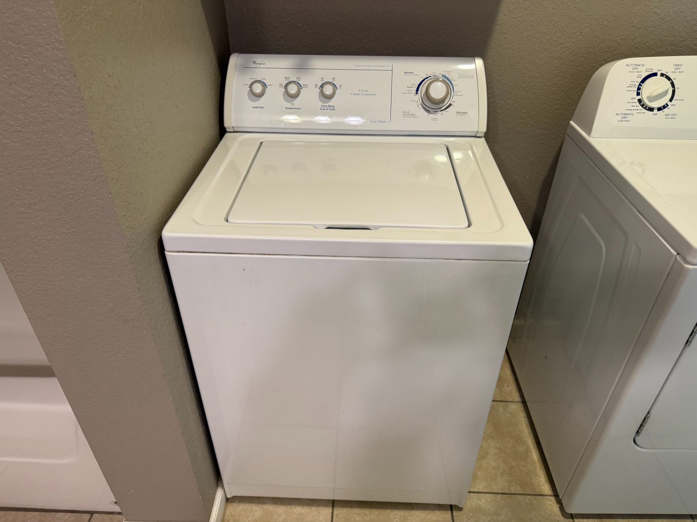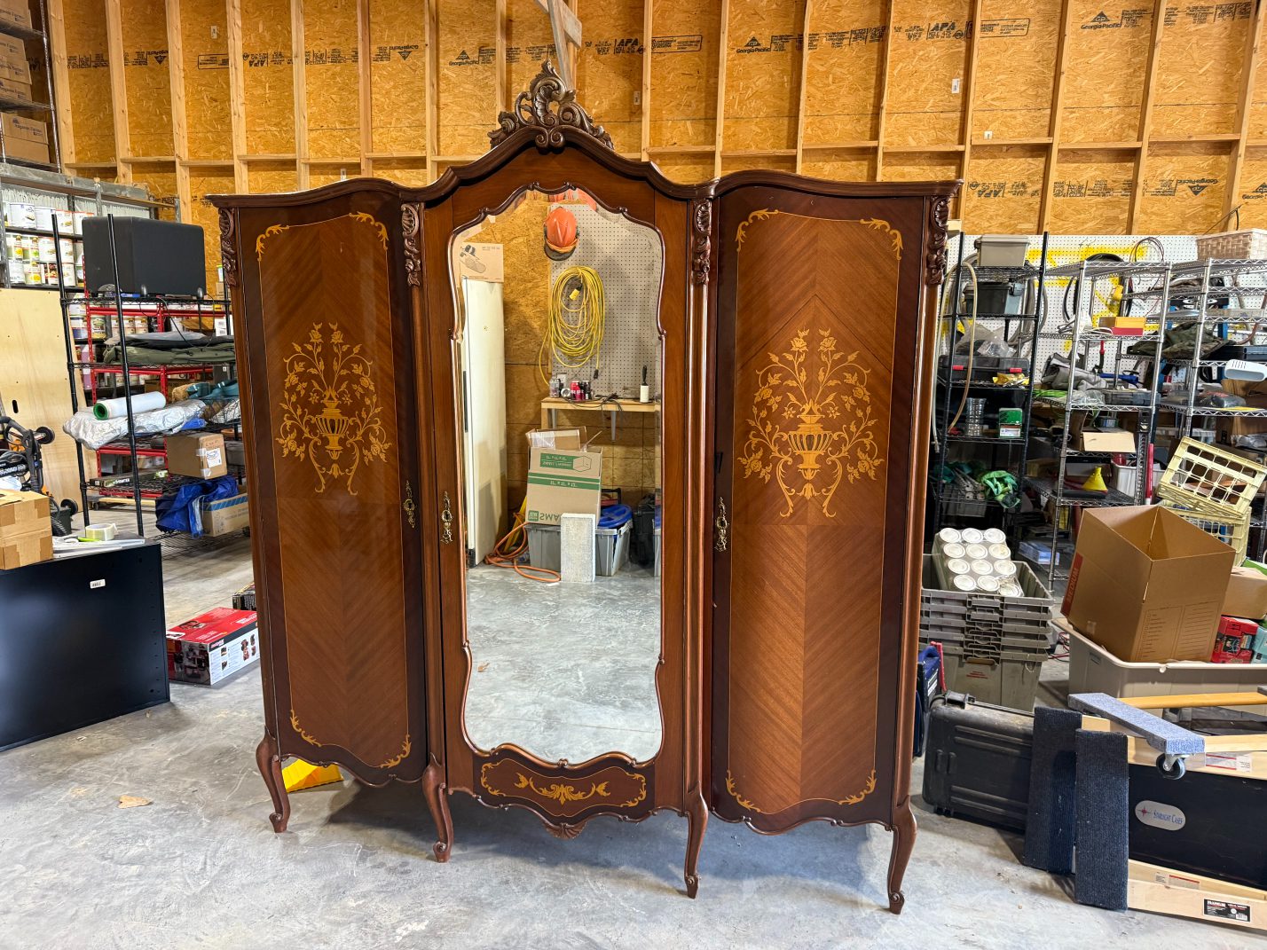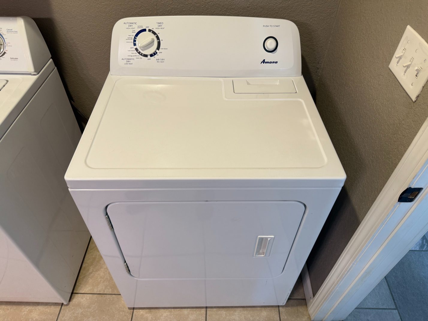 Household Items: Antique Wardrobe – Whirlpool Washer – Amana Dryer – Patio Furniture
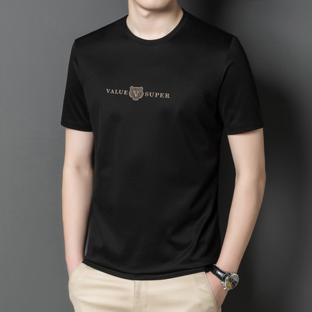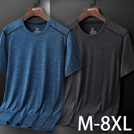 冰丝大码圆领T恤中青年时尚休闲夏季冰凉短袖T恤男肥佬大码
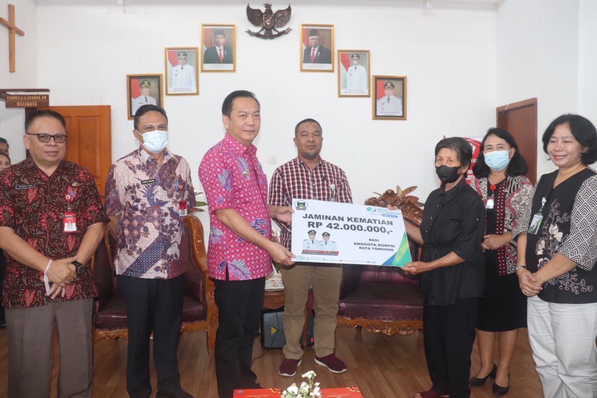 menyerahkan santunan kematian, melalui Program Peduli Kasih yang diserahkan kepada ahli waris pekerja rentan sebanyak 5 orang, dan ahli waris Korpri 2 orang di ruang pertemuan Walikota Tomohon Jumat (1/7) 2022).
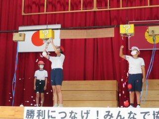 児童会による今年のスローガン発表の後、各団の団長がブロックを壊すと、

* * *

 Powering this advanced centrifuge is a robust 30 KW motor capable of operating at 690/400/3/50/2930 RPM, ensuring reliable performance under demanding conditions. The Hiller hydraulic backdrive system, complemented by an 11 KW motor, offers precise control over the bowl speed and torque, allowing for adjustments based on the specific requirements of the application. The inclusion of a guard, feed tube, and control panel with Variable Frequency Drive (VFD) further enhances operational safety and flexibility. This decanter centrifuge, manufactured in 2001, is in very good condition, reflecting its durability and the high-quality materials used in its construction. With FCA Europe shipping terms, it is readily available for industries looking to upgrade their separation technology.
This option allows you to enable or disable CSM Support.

---

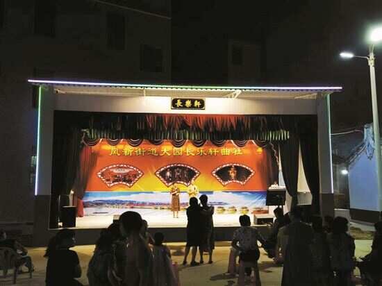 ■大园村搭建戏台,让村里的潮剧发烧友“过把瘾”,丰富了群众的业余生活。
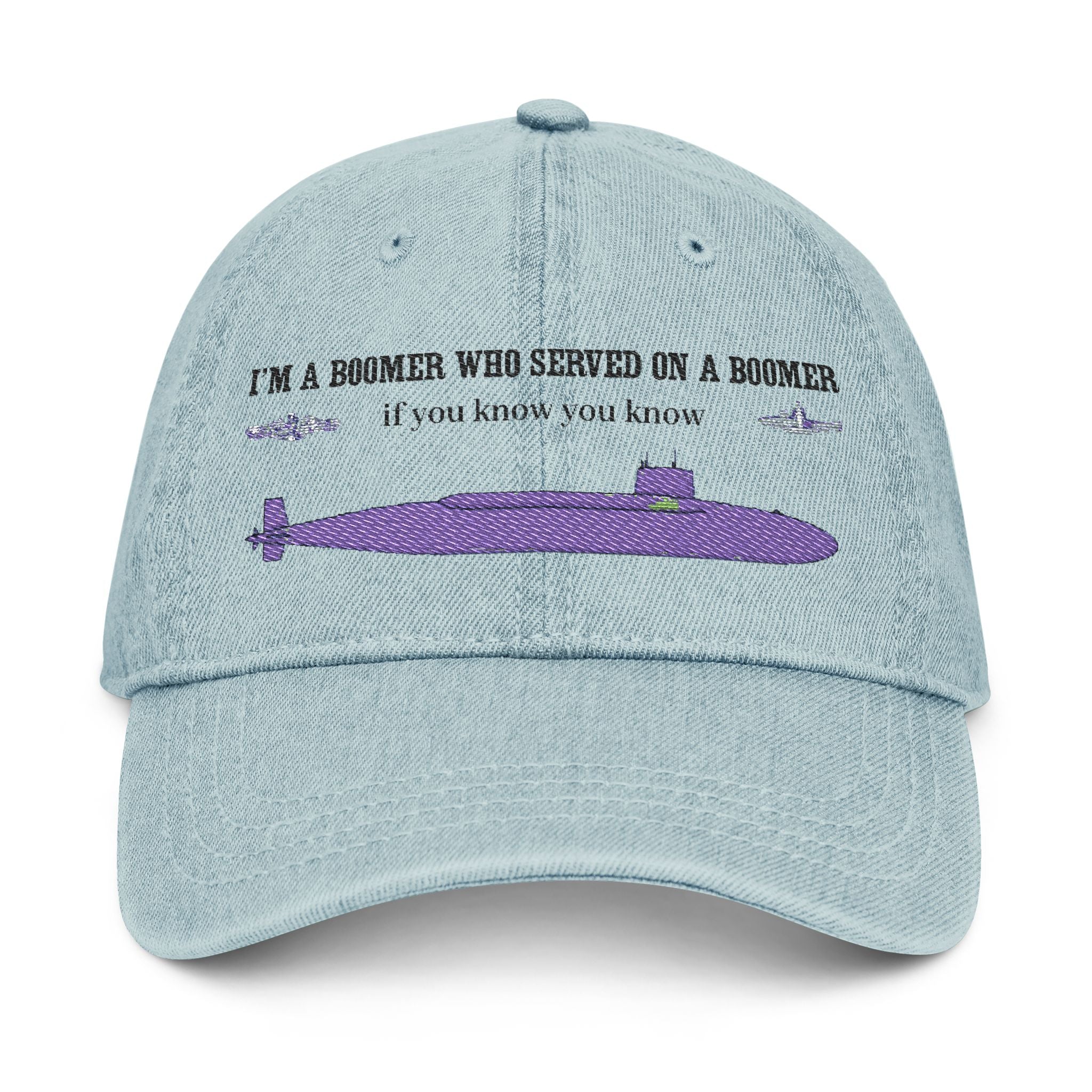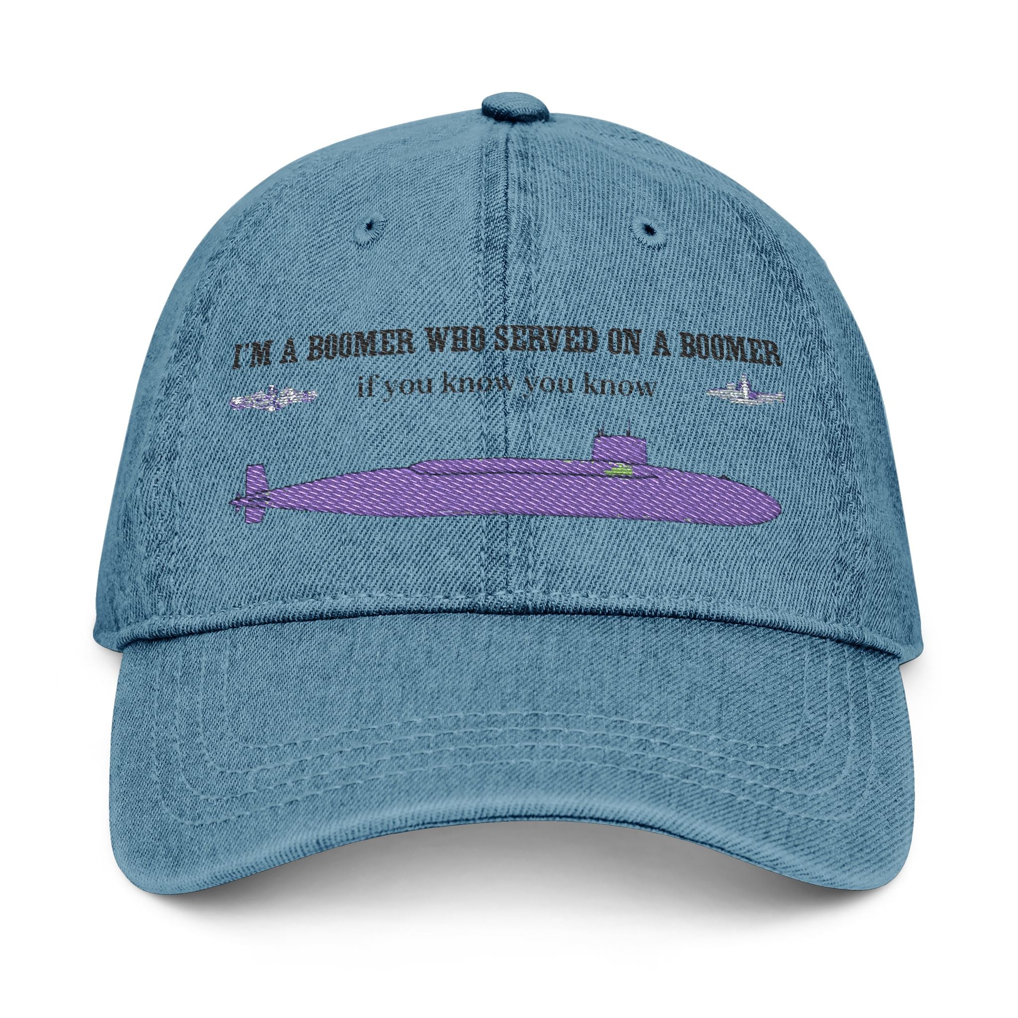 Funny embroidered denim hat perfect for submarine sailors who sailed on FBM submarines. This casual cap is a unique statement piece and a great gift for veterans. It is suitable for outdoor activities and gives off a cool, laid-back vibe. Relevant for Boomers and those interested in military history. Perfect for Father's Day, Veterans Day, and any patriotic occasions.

__Problem__.
Quote the data above exactly from the line with "Household Items: Antique" to the line with "児童会による今年のスローガン発表の後、各団の団長がブロックを壊すと、", both ends counted, and nothing else. Pictures don't go in.

__Response to this task__.
 Household Items: Antique Wardrobe – Whirlpool Washer – Amana Dryer – Patio Furniture
 冰丝大码圆领T恤中青年时尚休闲夏季冰凉短袖T恤男肥佬大码
 menyerahkan santunan kematian, melalui Program Peduli Kasih yang diserahkan kepada ahli waris pekerja rentan sebanyak 5 orang, dan ahli waris Korpri 2 orang di ruang pertemuan Walikota Tomohon Jumat (1/7) 2022).
 児童会による今年のスローガン発表の後、各団の団長がブロックを壊すと、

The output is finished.